● Problem description:
An exact copy of the lines of the listing below between the "नारियल पानी में" line and the "Общая площадь: 56,6 кв.м." line, both included, is the whole answer; please omit the pictures.

● Data supplied:
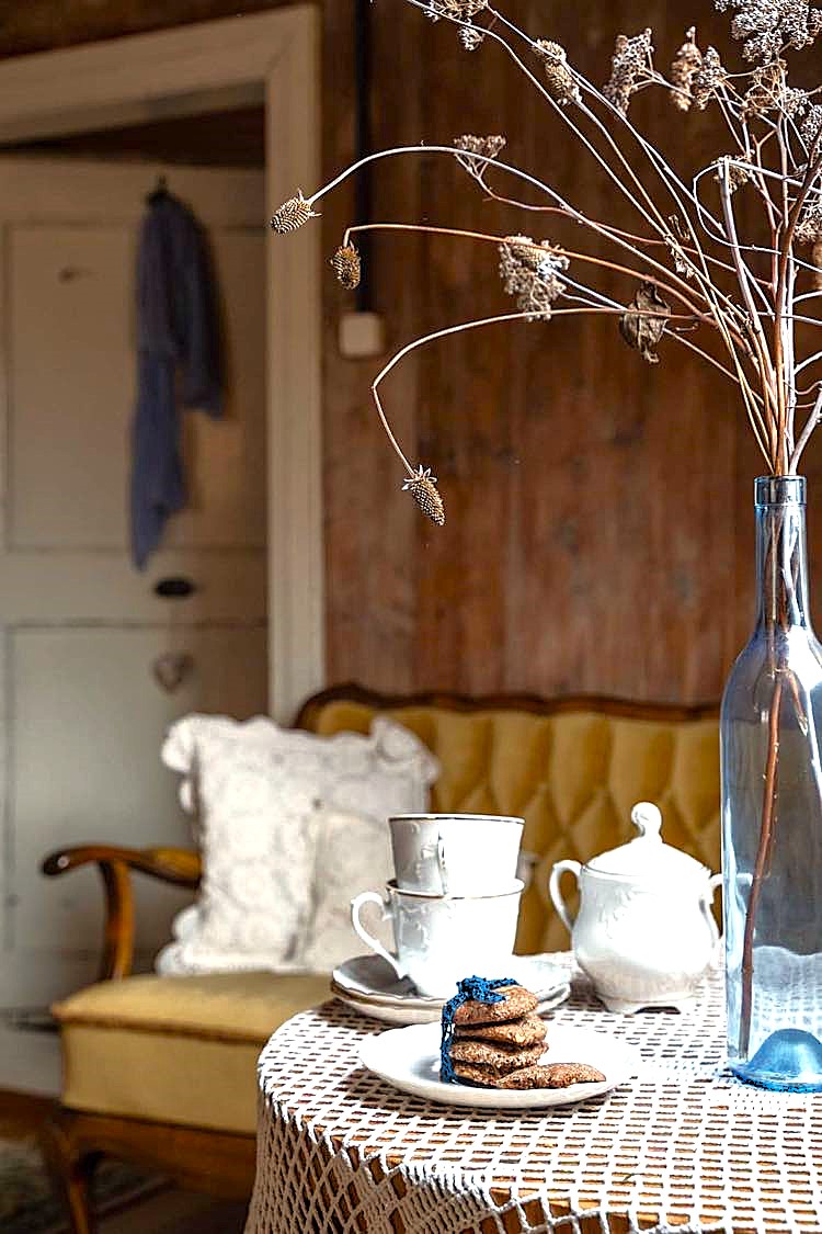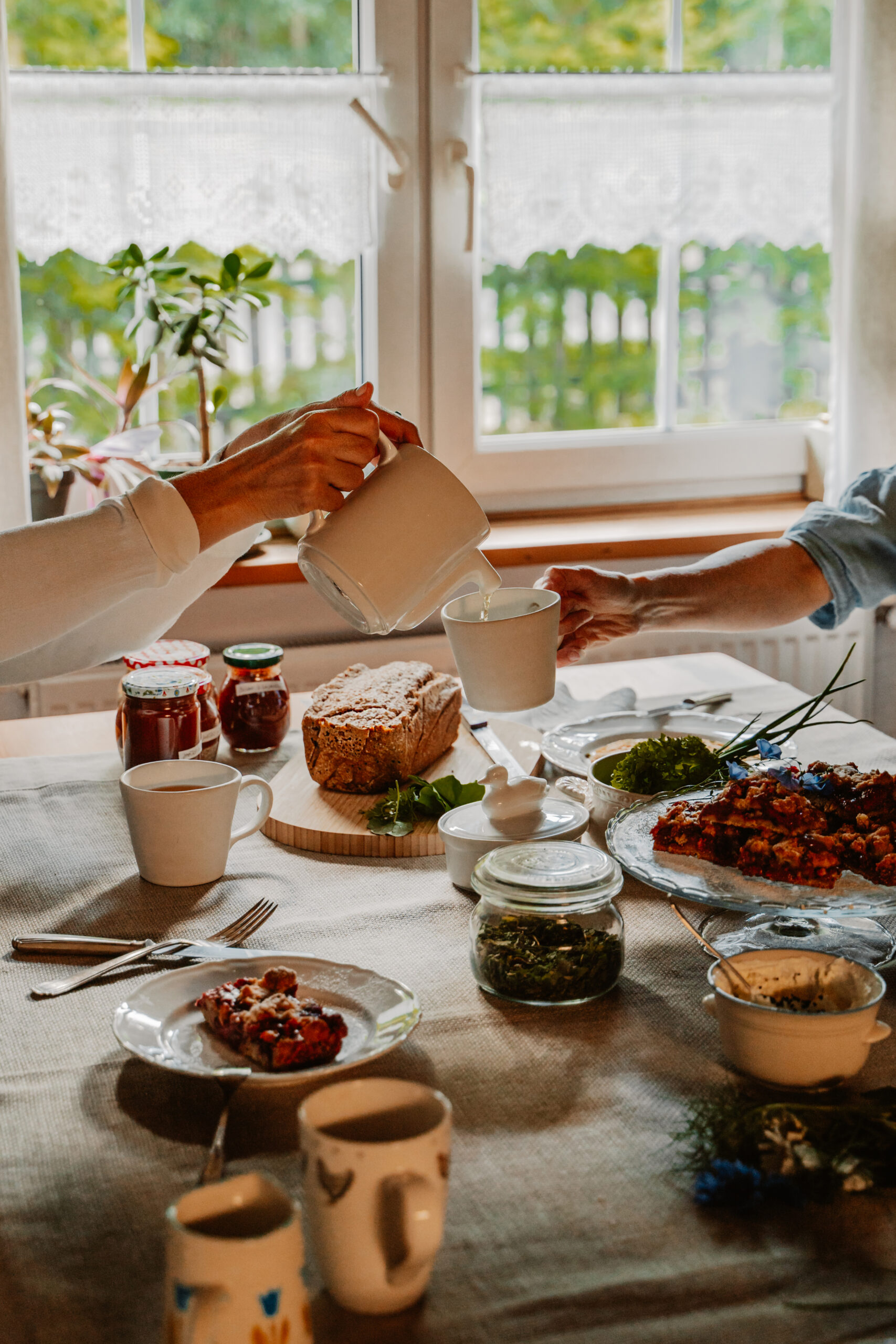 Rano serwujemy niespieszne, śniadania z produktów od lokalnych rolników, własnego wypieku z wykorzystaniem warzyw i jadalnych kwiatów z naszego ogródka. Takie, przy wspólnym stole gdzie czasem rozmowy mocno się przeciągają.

--

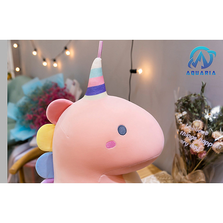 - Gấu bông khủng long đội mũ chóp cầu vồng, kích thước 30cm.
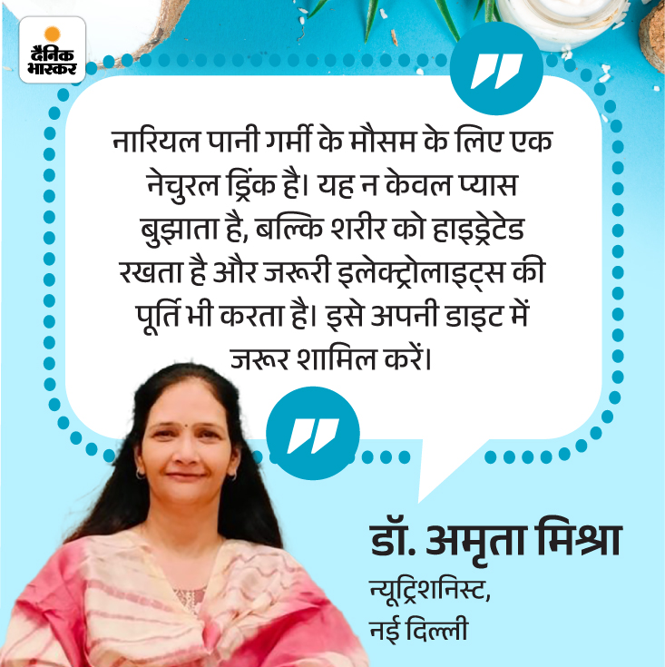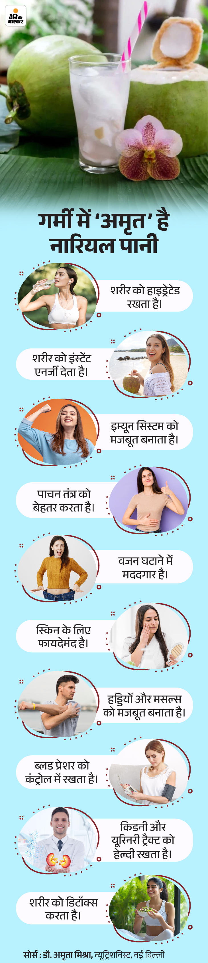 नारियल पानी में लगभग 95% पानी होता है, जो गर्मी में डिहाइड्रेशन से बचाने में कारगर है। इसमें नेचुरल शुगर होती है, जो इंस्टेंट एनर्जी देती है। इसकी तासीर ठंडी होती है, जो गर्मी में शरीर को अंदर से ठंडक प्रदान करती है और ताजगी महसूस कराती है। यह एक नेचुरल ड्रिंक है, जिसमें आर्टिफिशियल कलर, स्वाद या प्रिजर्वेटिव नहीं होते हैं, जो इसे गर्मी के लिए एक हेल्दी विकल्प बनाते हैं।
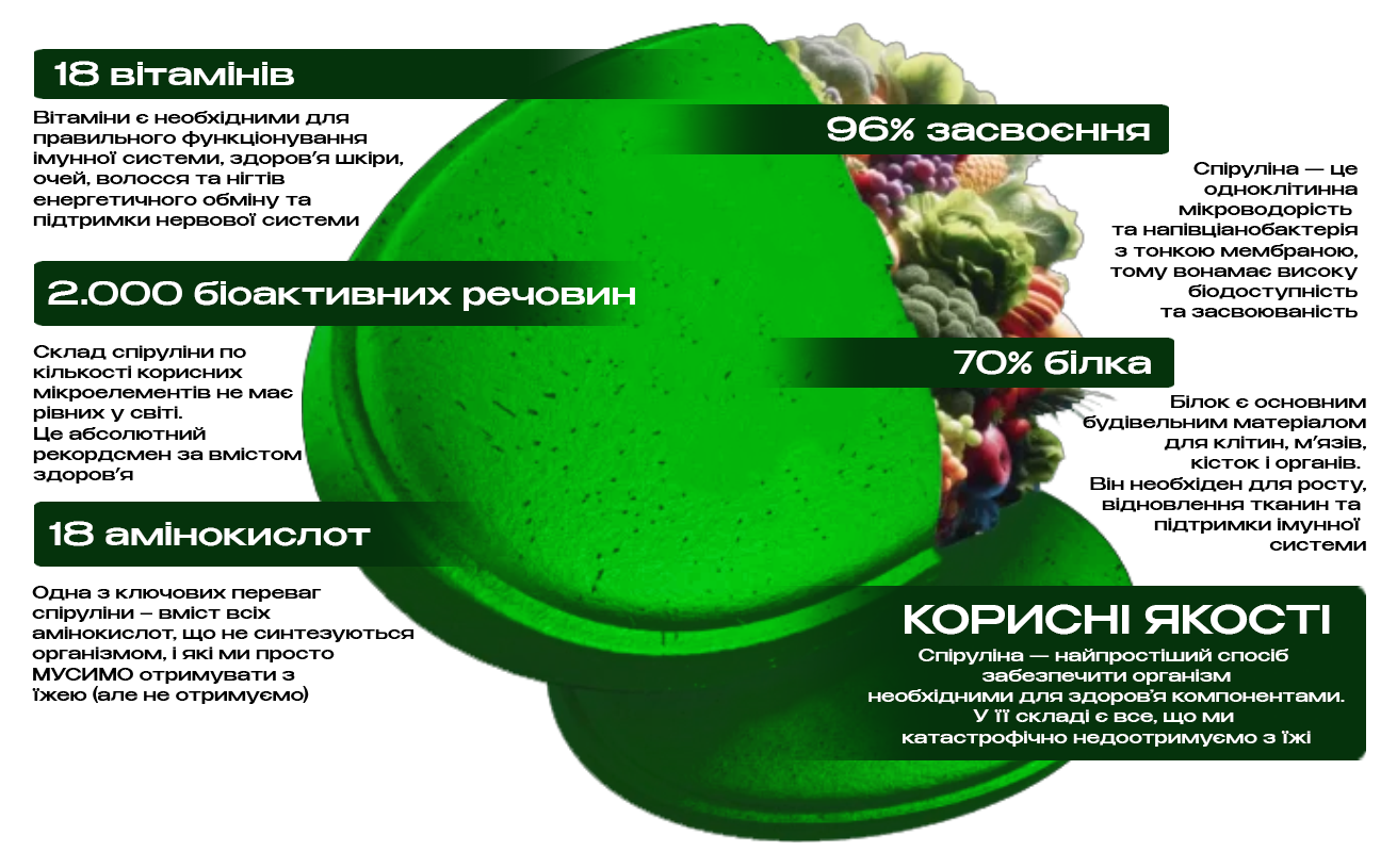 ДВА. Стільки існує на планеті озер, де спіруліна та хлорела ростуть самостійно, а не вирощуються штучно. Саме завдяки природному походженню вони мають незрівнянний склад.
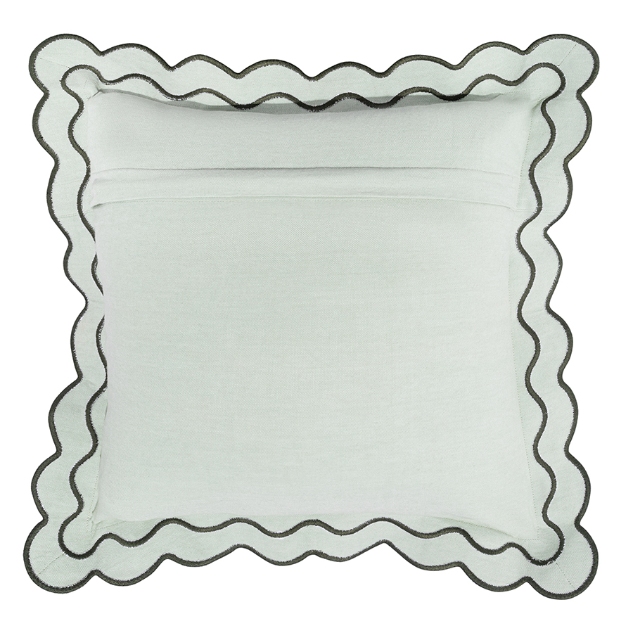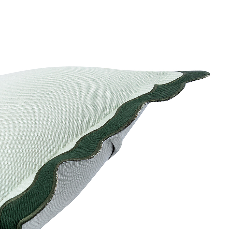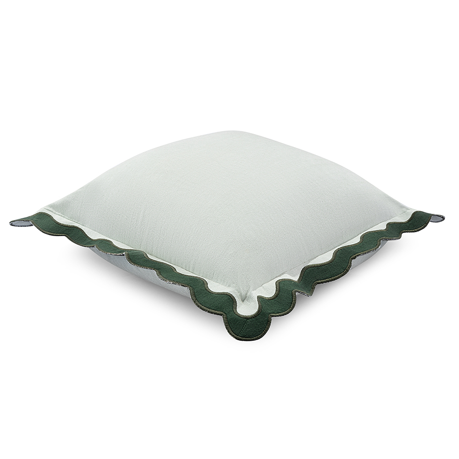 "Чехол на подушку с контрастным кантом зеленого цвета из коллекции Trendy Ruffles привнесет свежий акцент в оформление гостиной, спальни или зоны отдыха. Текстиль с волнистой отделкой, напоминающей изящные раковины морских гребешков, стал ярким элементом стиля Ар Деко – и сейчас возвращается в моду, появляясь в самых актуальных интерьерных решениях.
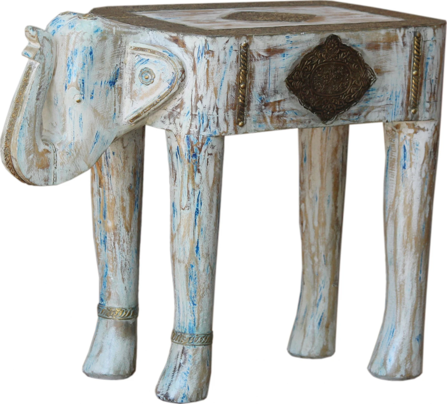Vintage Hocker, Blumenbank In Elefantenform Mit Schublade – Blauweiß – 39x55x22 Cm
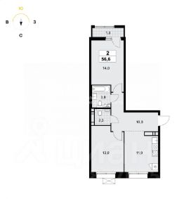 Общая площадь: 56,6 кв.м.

● Answer to this task:
 नारियल पानी में लगभग 95% पानी होता है, जो गर्मी में डिहाइड्रेशन से बचाने में कारगर है। इसमें नेचुरल शुगर होती है, जो इंस्टेंट एनर्जी देती है। इसकी तासीर ठंडी होती है, जो गर्मी में शरीर को अंदर से ठंडक प्रदान करती है और ताजगी महसूस कराती है। यह एक नेचुरल ड्रिंक है, जिसमें आर्टिफिशियल कलर, स्वाद या प्रिजर्वेटिव नहीं होते हैं, जो इसे गर्मी के लिए एक हेल्दी विकल्प बनाते हैं।
 ДВА. Стільки існує на планеті озер, де спіруліна та хлорела ростуть самостійно, а не вирощуються штучно. Саме завдяки природному походженню вони мають незрівнянний склад.
 "Чехол на подушку с контрастным кантом зеленого цвета из коллекции Trendy Ruffles привнесет свежий акцент в оформление гостиной, спальни или зоны отдыха. Текстиль с волнистой отделкой, напоминающей изящные раковины морских гребешков, стал ярким элементом стиля Ар Деко – и сейчас возвращается в моду, появляясь в самых актуальных интерьерных решениях.
Vintage Hocker, Blumenbank In Elefantenform Mit Schublade – Blauweiß – 39x55x22 Cm
 Общая площадь: 56,6 кв.м.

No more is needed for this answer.